= YOUR ASSIGNMENT =
Look through the data below and output, unchanged, every line from the one holding "Figura 2 – Veduta" through the one holding "漫步日暮的植物园,夕阳下的一株芦苇煞是好看~", inclusive. Skip the pictures.

= SOURCE INFORMATION =
◇ ◇ ◇ ◇
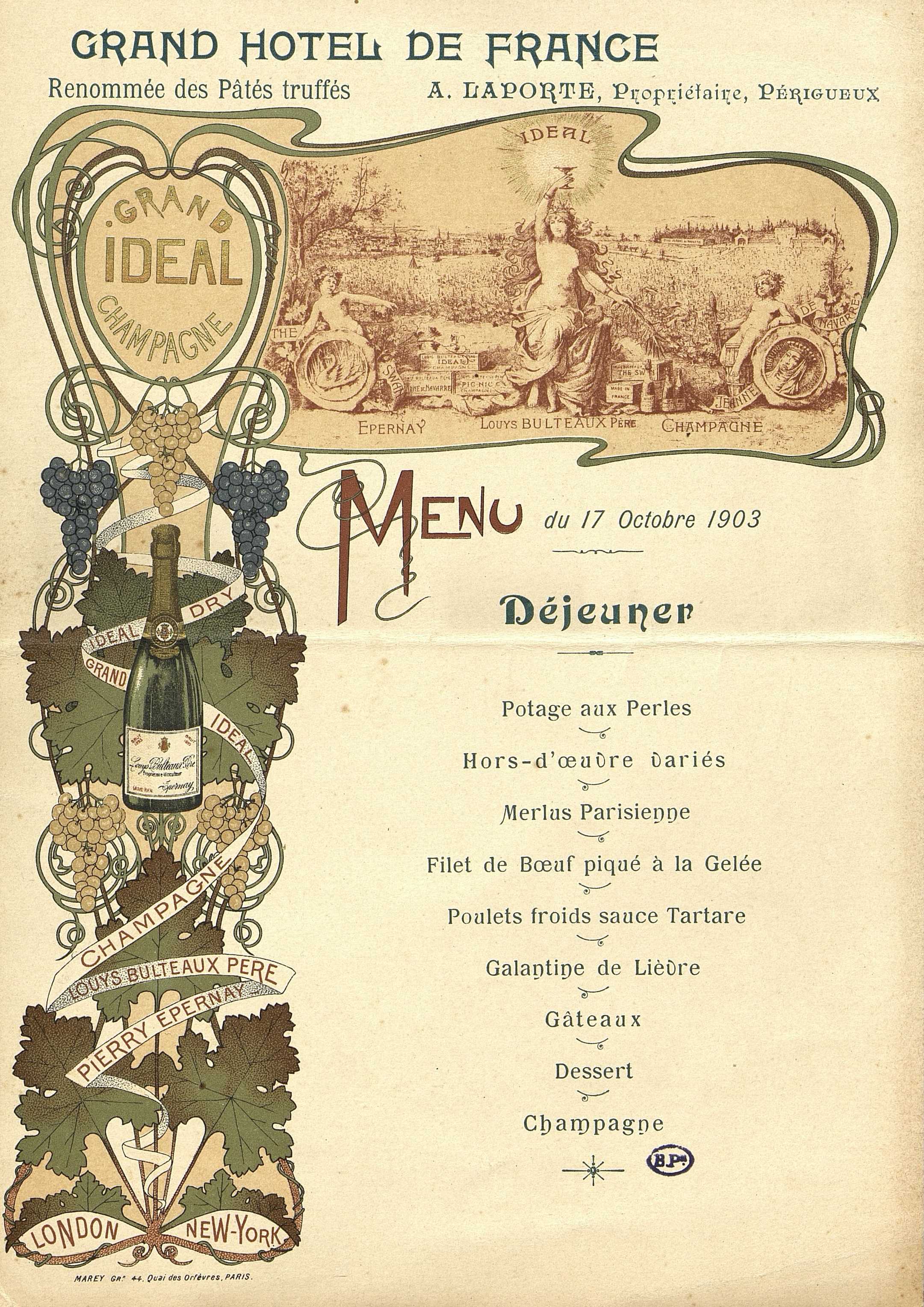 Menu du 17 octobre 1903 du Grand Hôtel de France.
◇ ◇ ◇ ◇
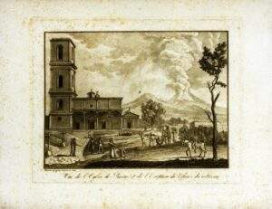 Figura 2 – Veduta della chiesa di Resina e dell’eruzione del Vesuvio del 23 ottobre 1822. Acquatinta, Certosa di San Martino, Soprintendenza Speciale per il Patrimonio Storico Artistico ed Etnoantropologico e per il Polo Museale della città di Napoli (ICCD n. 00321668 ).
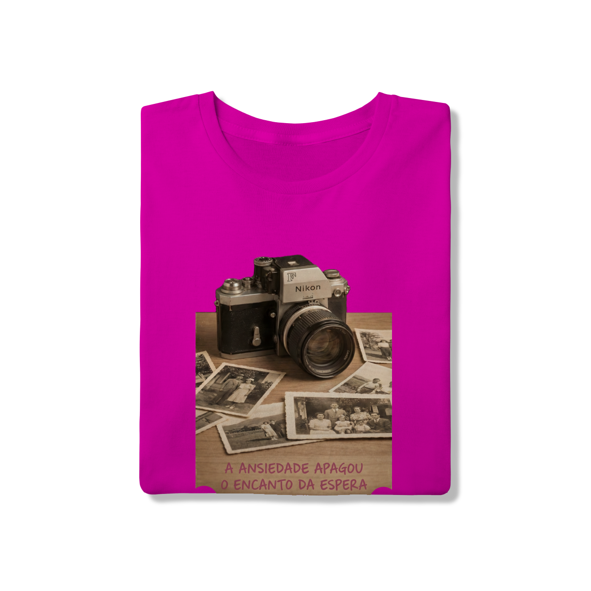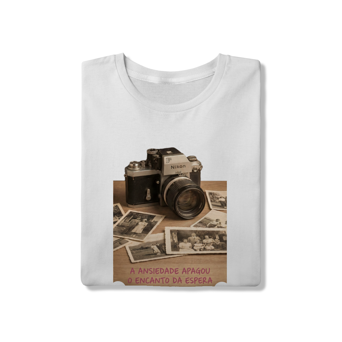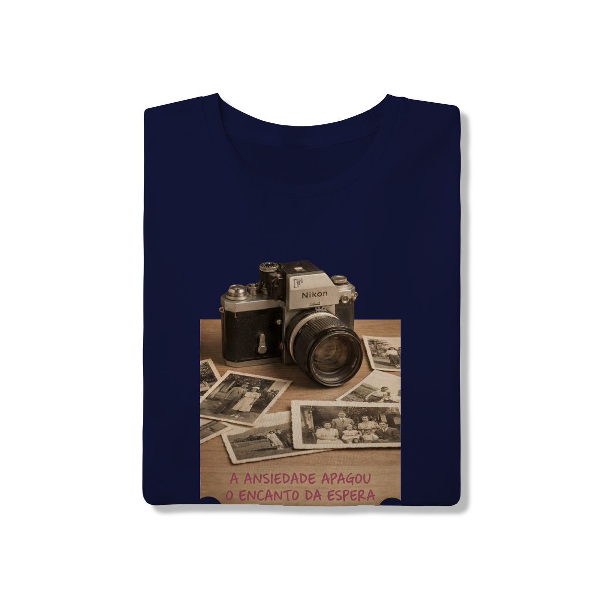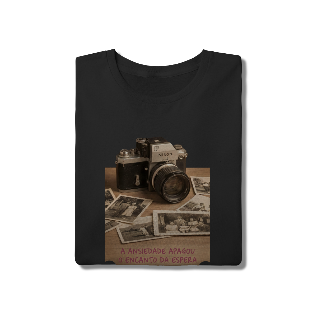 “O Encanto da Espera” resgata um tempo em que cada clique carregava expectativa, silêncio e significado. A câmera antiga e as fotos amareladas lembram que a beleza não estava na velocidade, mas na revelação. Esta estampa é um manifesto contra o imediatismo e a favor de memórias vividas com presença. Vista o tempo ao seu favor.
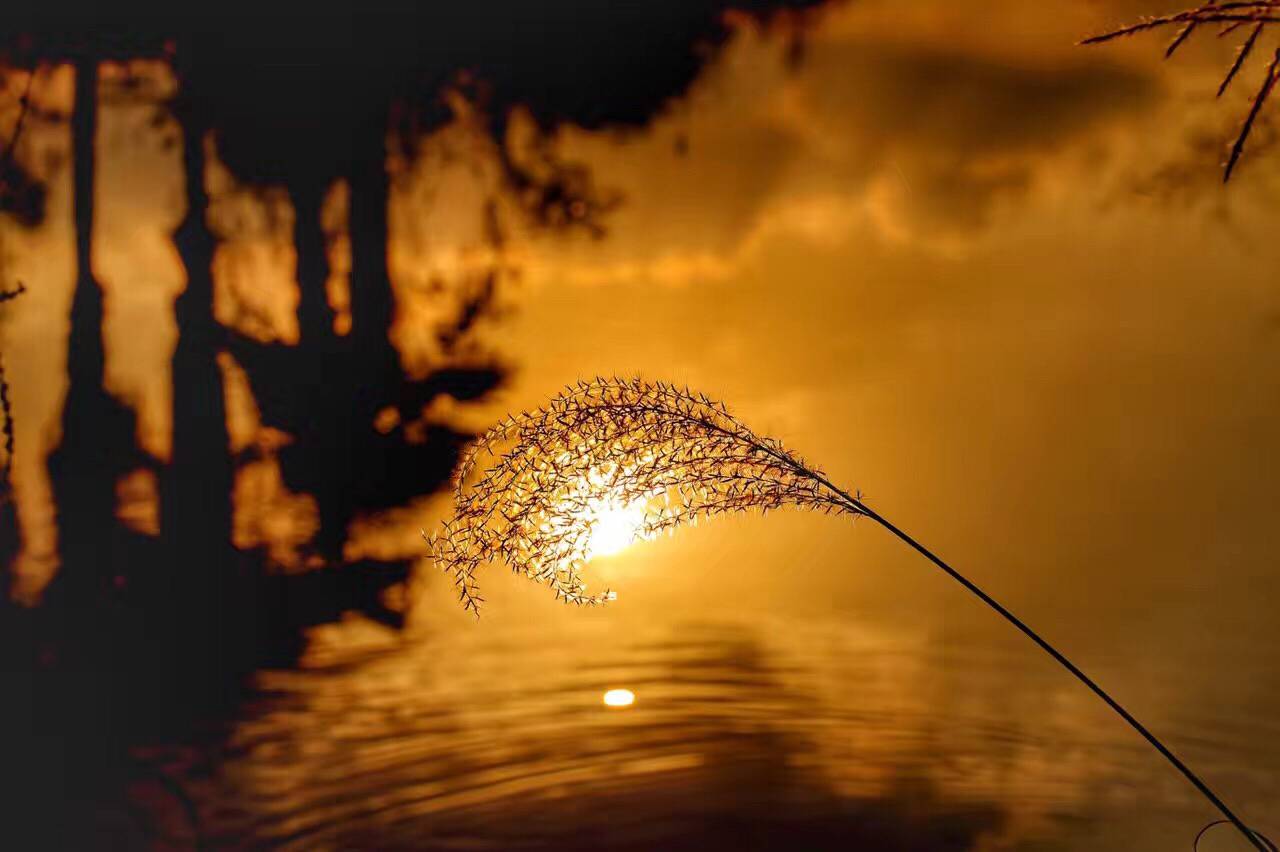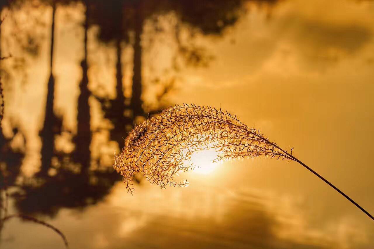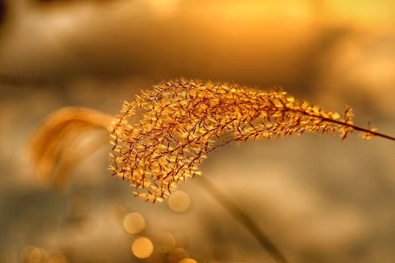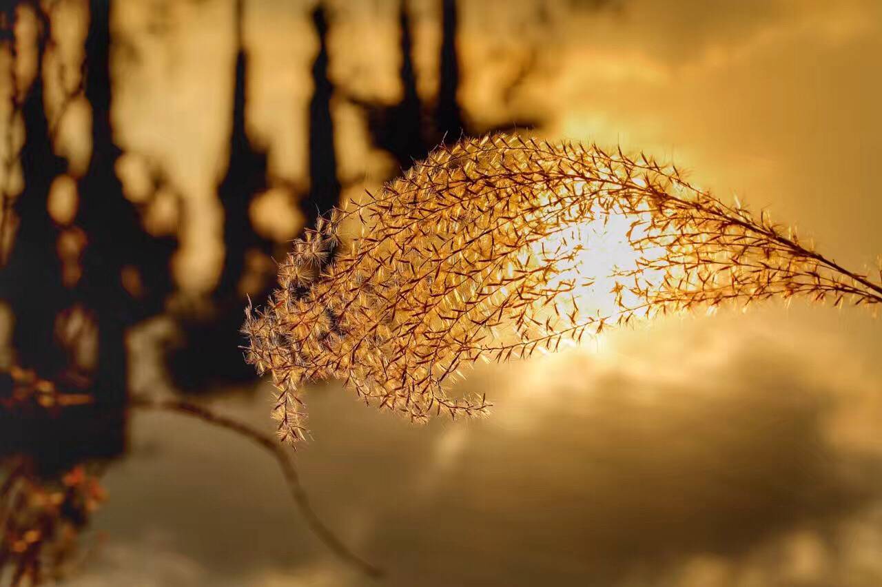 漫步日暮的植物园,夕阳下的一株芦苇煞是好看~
◇ ◇ ◇ ◇
= FINISHED EXERCISE =
 Figura 2 – Veduta della chiesa di Resina e dell’eruzione del Vesuvio del 23 ottobre 1822. Acquatinta, Certosa di San Martino, Soprintendenza Speciale per il Patrimonio Storico Artistico ed Etnoantropologico e per il Polo Museale della città di Napoli (ICCD n. 00321668 ).
 “O Encanto da Espera” resgata um tempo em que cada clique carregava expectativa, silêncio e significado. A câmera antiga e as fotos amareladas lembram que a beleza não estava na velocidade, mas na revelação. Esta estampa é um manifesto contra o imediatismo e a favor de memórias vividas com presença. Vista o tempo ao seu favor.
 漫步日暮的植物园,夕阳下的一株芦苇煞是好看~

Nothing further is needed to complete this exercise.